● **WORK ITEM**
Return exactly the lines from the "广西华沃特集团绿丰复合肥厂车间油粉系统及造粒送料系统升级改造项目招标公告" line through the last line of the entries below. Include no pictures.

● **RECORDS PROVIDED**
--- --- ---
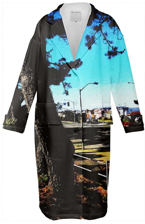 Loose fitting knee/calf length neoprene trench coat with plastic buttons up the front two front welt flap pockets and decorative buttoned strap details at the cuffs.
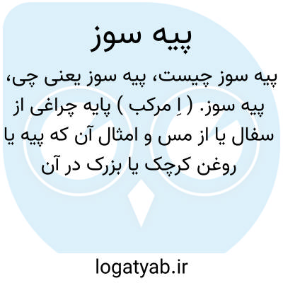 پیه سوز. ( اِ مرکب ) پایه چراغی از سفال یا از مس و امثال آن که پیه یا روغن کرچک یا بزرک در آن ریختندی با فتیله ای از پنبه. پایه مسین و برآن چراغی سفالین و درآن چراغ روغن کرچک یا بزرک و پلیته ای که بشب می افروختند. ظرفی که در آن پیه سوزند. ( آنندراج ). استوانه سفالین یا مسین یا زرین و یا سیمین و غیره که بصورت گل و غیره کردندی و چراغ را که باروغن کرچک و یا بزرک سوختی بالای آن نهادندی. بیسوس ( معرب آن است ). پی سوز. چراغدان. چراغ روغنی قدیم و شمعدان پیهی قدیم. ( فرهنگ نظام ). پیه دان:
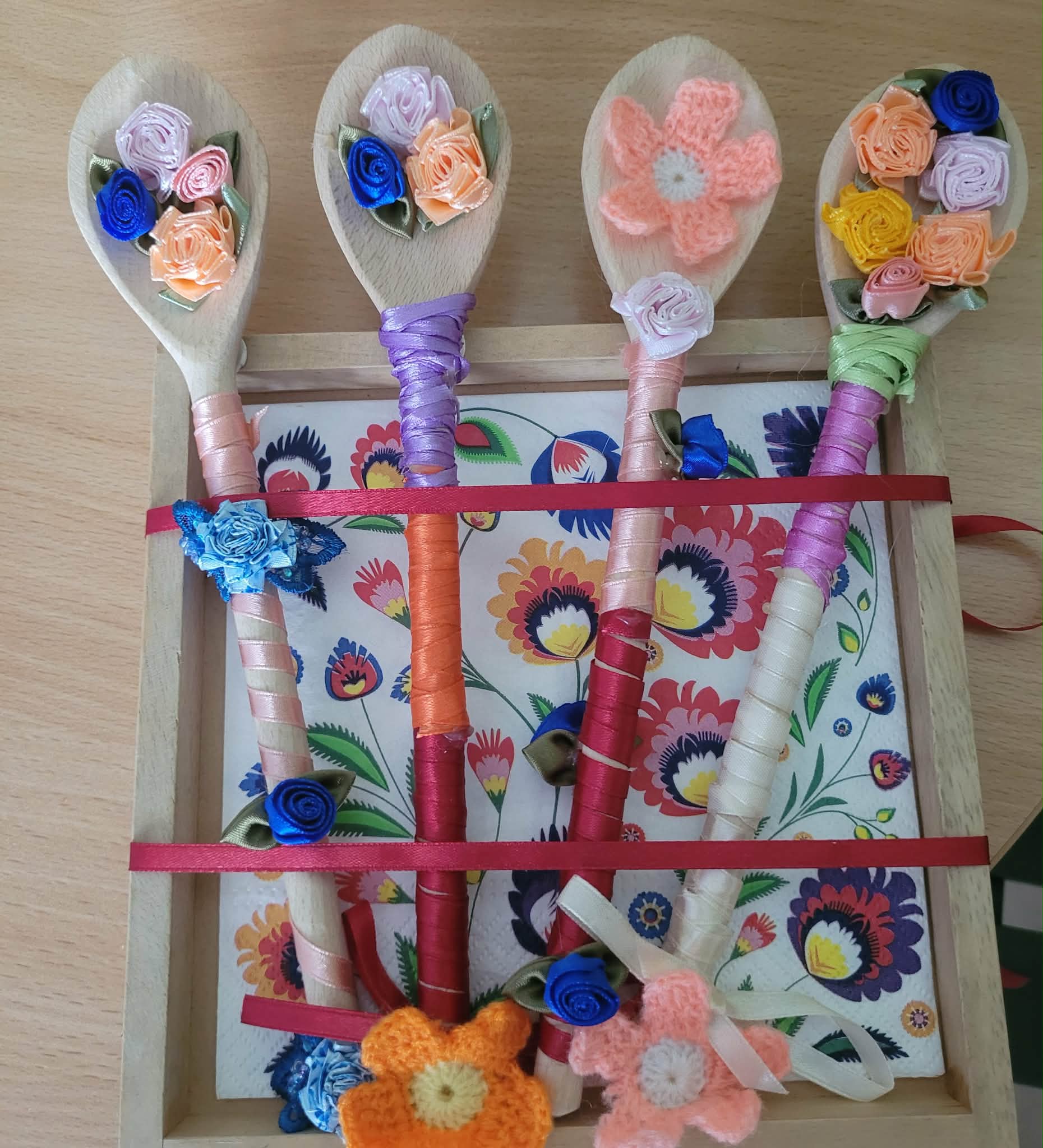W przedszkolu realizowany jest projekt edukacyjno-artystyczny pt. „Polska Sztuka Ludowa-Mali artyści tradycji”, którego celem jest przybliżenie dzieciom kultury ludowej oraz rozwijanie ich kreatywności poprzez działania plastyczne. W trakcie zajęć dzieci poznają elementy sztuki ludowej oraz tradycyjnego rzemiosła, inspirując się wzorami charakterystycznymi dla polskiego folkloru. W ramach projektu przedszkolaki wykonywały różnorodne prace: * tworzyły mandale inspirowane motywami ludowymi, * przygotowywały ozdoby wielkanocne – zajączki metodą decoupage. * ozdabiały drewniane łyżki przy użyciu kolorowych wstążek i kwiatów. Działania te pozwoliły dzieciom rozwijać zdolności manualne, wyobraźnię oraz poczucie estetyki, a także zachęcały do eksperymentowania z różnymi technikami plastycznymi.
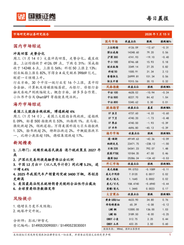 【国新证券】【202601】每日晨报-7页 证券期货研究报告
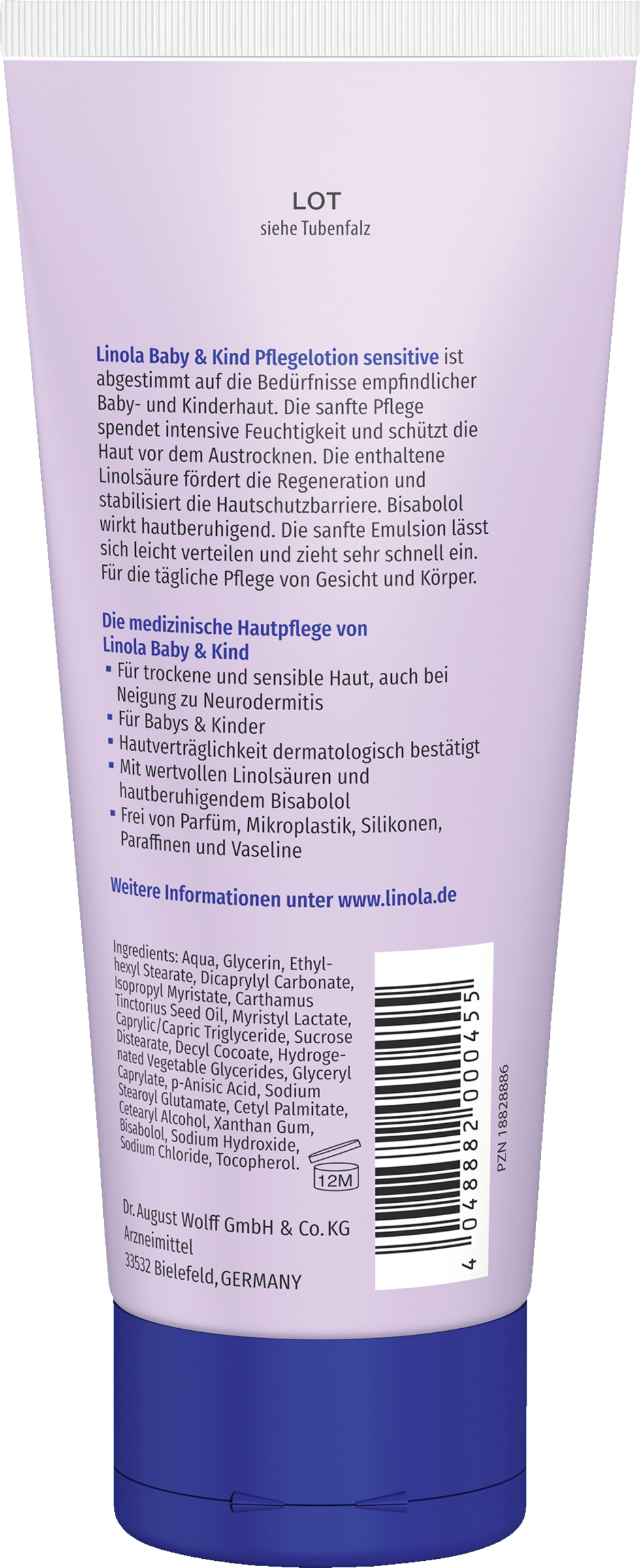 Linola Baby & Kind Pflegelotion sensitive ist abgestimmt auf die Bedürfnisse empfindlicher Baby- und Kinderhaut. Die sanfte Pflege spendet intensive Feuchtigkeit und schützt die Haut vor dem Austrocknen. Die enthaltene Linolsäure fördert die Regeneration und stabilisiert die Hautschutzbarriere. Bisabolol wirkt hautberuhigend. Die sanfte Emulsion lässt sich leicht verteilen und zieht sehr schnell ein. Für die tägliche Pflege von Gesicht und Körper.
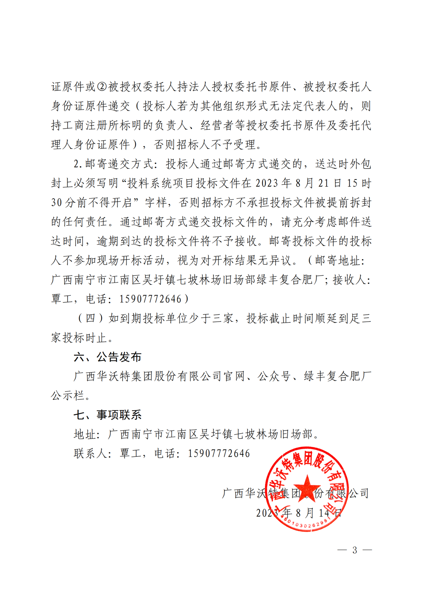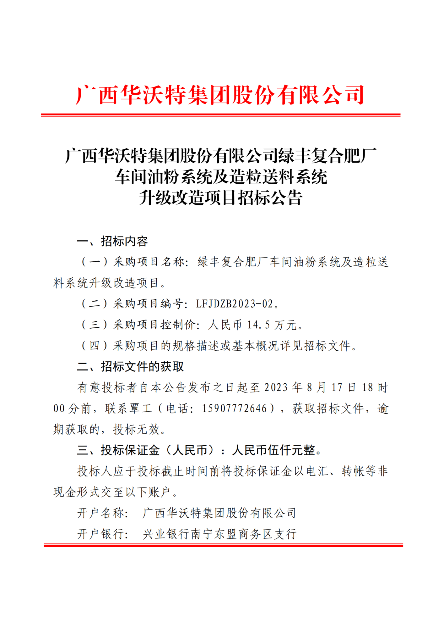 广西华沃特集团绿丰复合肥厂车间油粉系统及造粒送料系统升级改造项目招标公告
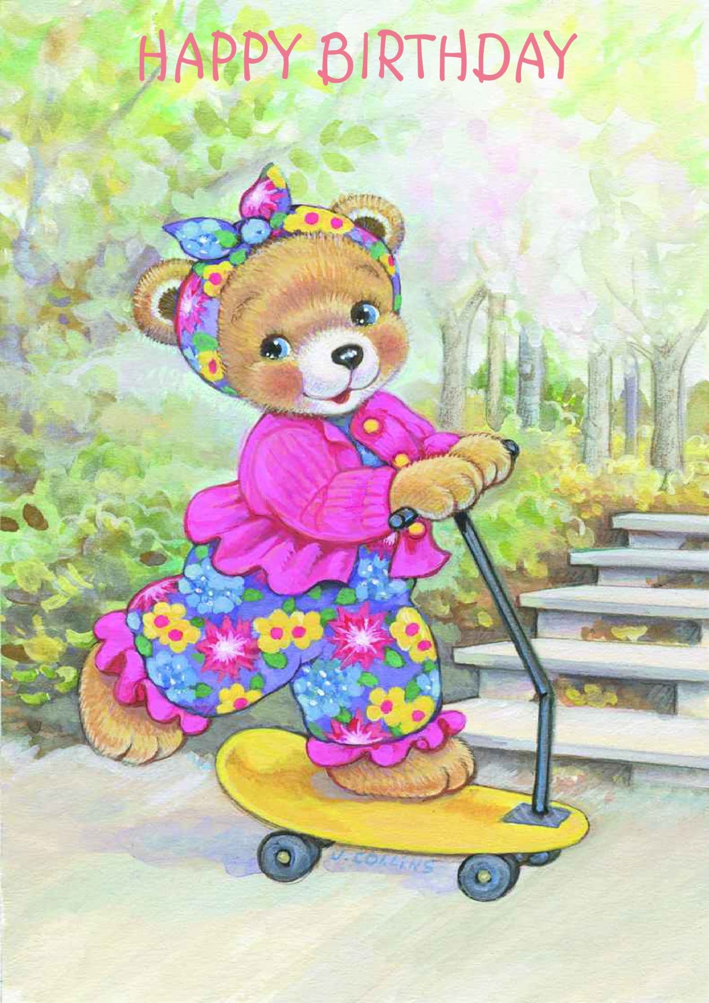 The message on the front of the card says "Happy Birthday" and the inside says "Happy Birthday".  You can enter a Name of your choice in the box provided so that the card reads " Happy Birthday 'Name' ".
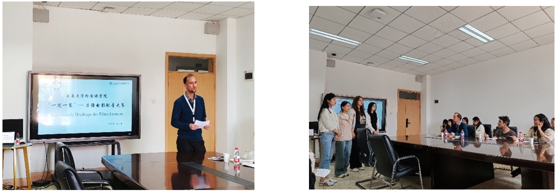 2025年3月28日,ABTY.COM “一院一赛” 之“法语电影配音大赛”在外国语学院楼303会议室举行。本次比赛吸引了来自法语专业本科生和硕士生的六组学生同台竞技,选手们以精湛的配音技艺和生动的舞台表现,为观赛师生带来了一场别开生面的法语视听盛宴。
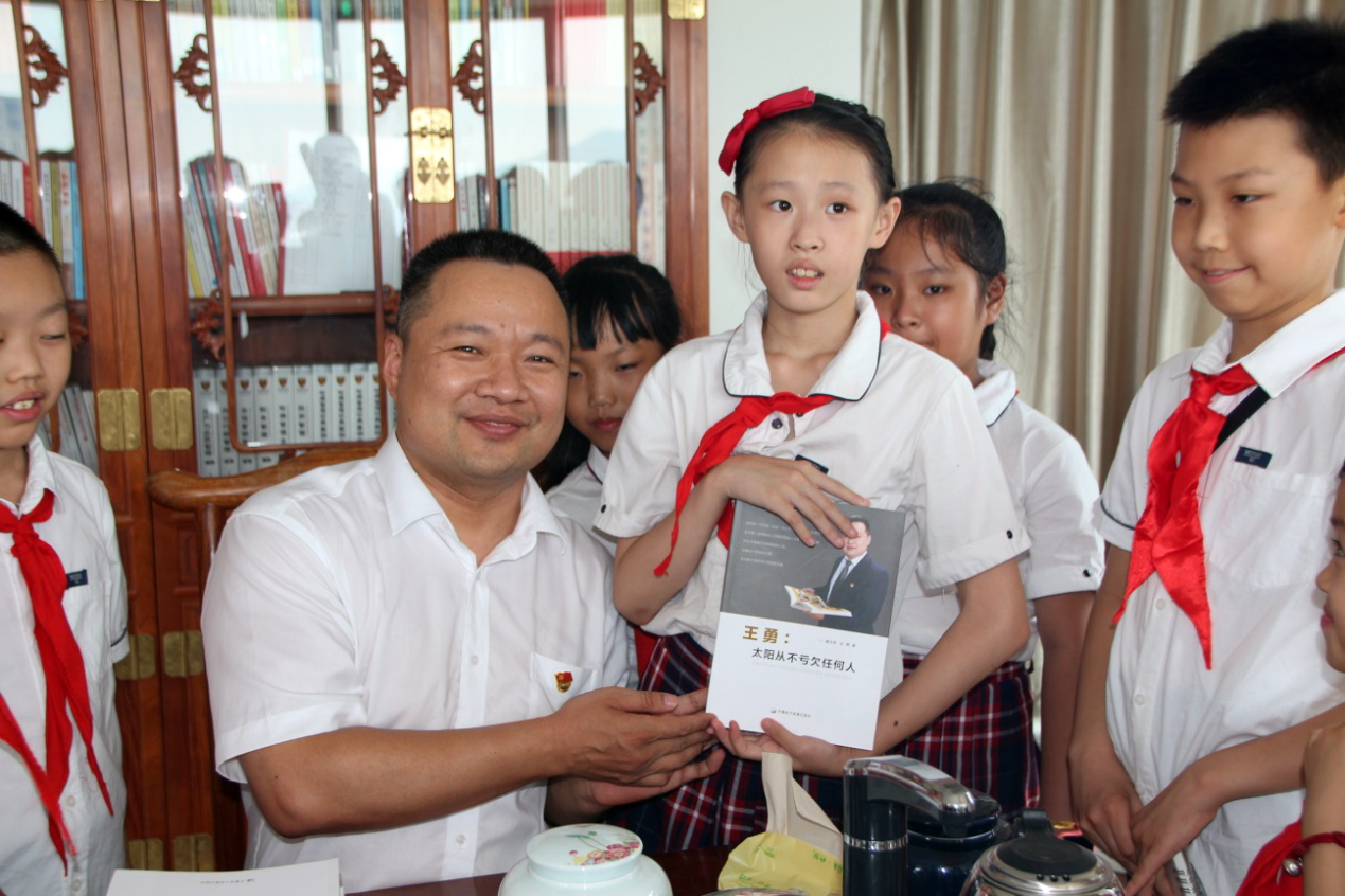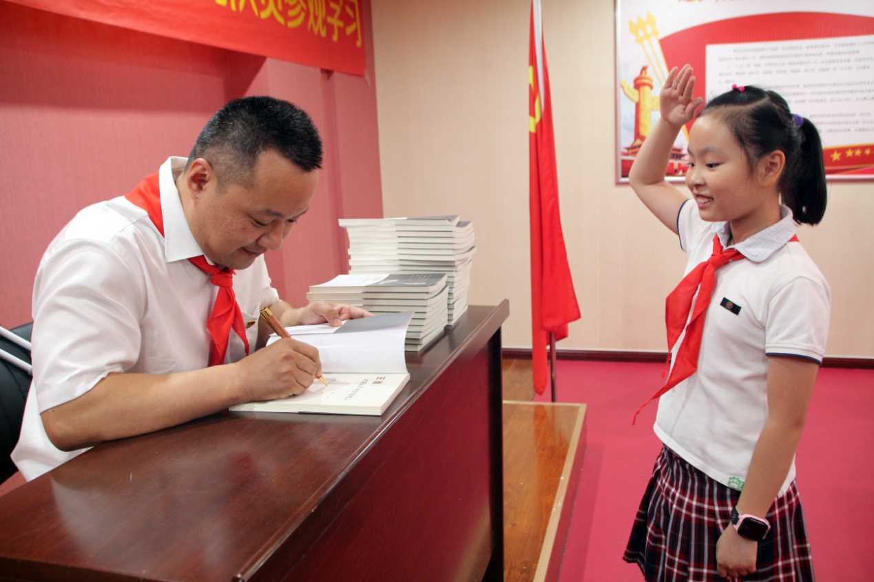 分享结束后,王勇博士将自己的传记赠送给每一位少先队员,并勉励大家,多读书、好读书、读好书,在读书中汲取知识,在读书中茁壮成长。
--- --- ---
● **EXERCISE SOLUTION**
 广西华沃特集团绿丰复合肥厂车间油粉系统及造粒送料系统升级改造项目招标公告
 The message on the front of the card says "Happy Birthday" and the inside says "Happy Birthday".  You can enter a Name of your choice in the box provided so that the card reads " Happy Birthday 'Name' ".
 2025年3月28日,ABTY.COM “一院一赛” 之“法语电影配音大赛”在外国语学院楼303会议室举行。本次比赛吸引了来自法语专业本科生和硕士生的六组学生同台竞技,选手们以精湛的配音技艺和生动的舞台表现,为观赛师生带来了一场别开生面的法语视听盛宴。
 分享结束后,王勇博士将自己的传记赠送给每一位少先队员,并勉励大家,多读书、好读书、读好书,在读书中汲取知识,在读书中茁壮成长。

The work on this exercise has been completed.